What is Deregulated Energy?
The name is fairly self-explanatory; deregulated energy is when a monopoly (typically held by the government) is loosened to encourage more competition between energy providers. If, for example, a region’s energy is provided entirely by a single provider that has government sanction, then deregulation would allow other energy companies to offer their own services as competition.
In theory, this deregulation serves the customers. Because while a monopolized energy supplier is reliable and traditional, introducing competition into the market gives customers more options to choose from. This makes it possible for people to choose the least expensive provider from a choice of several, or to pick an energy provider whose policies and sources they approve of (if, for instance, someone wants to buy their energy from a solar power provider, instead of one who may offer lower rates, but uses coal-fired power plants).
While the theory of competition is good, there are still locations in the U.S. who have held off deregulating their energy. Because, as has been shown in the past, what works in theory and what works in practice may be two different things.
Will We See More Deregulation In The Future?
The question of whether or not to deregulate energy is a constant tug of war. Businesses obviously want the chance to step into a lucrative market, and consumers want the ability to choose between multiple providers in order to find the best possible deal. This is particularly true when it comes to new sources of energy, like wind and solar farms which can offer clean energy at competitive rates to both business and homeowners thanks to recent leaps in technology. On the other hand, though, energy is not like choosing who makes your sneakers, or where you buy your car from. Electricity, and natural gas, are necessities of life in today’s day and age.
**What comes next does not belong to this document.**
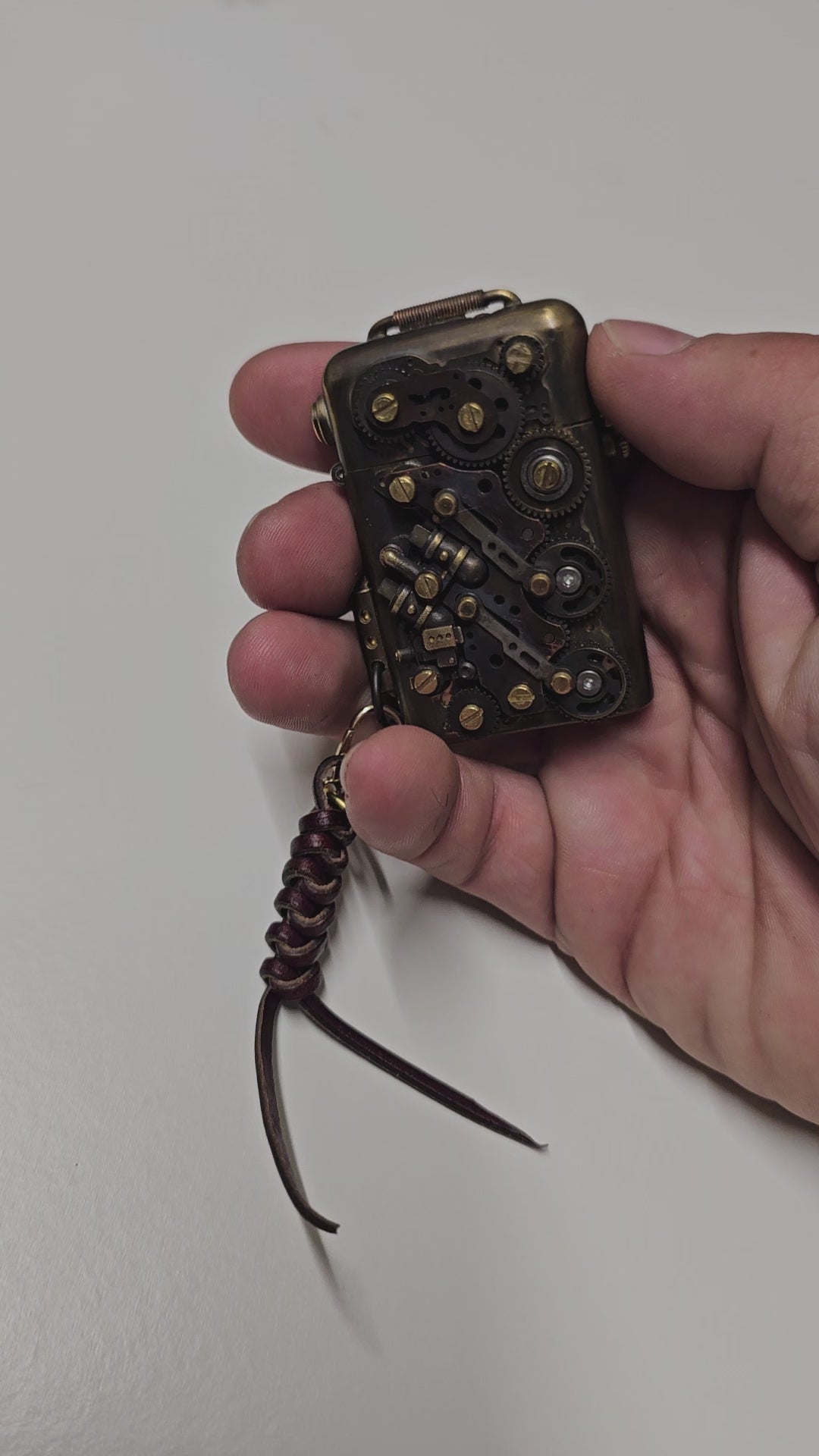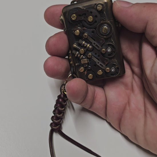 Ignite your style with this Mechanical Engine Steampunk Brass Flip Press Lighter. Crafted in cool brass with a vintage flip-top design, it combines old-world charm and modern flair. Perfect for adding a quirky touch to your collection or gifting a unique, personalised treasure that sparks joy every time you use it.

This is why some states, willing to take the risk for the potential reward of a deregulated market, have allowed pilot programs in the electricity and natural gas markets. No one seriously believes that it’s safe to simply do away with any and all regulation overnight, especially since the system has relied on those regulations for decades. Instead, these pilot programs reduce the regulations as a kind of trial period, seeing what happens when other companies are allowed to play in the pool that was, until recently, a monopoly.
Now, not every state is eager to jump into this experiment. With that said, even the states that don’t have pilot programs of their own are watching the results carefully. Because if there are lessons to be learned from asking the question, “What is deregulated energy?” then it’s a good idea to observe in order to see what works, and what doesn’t, before trying it yourself.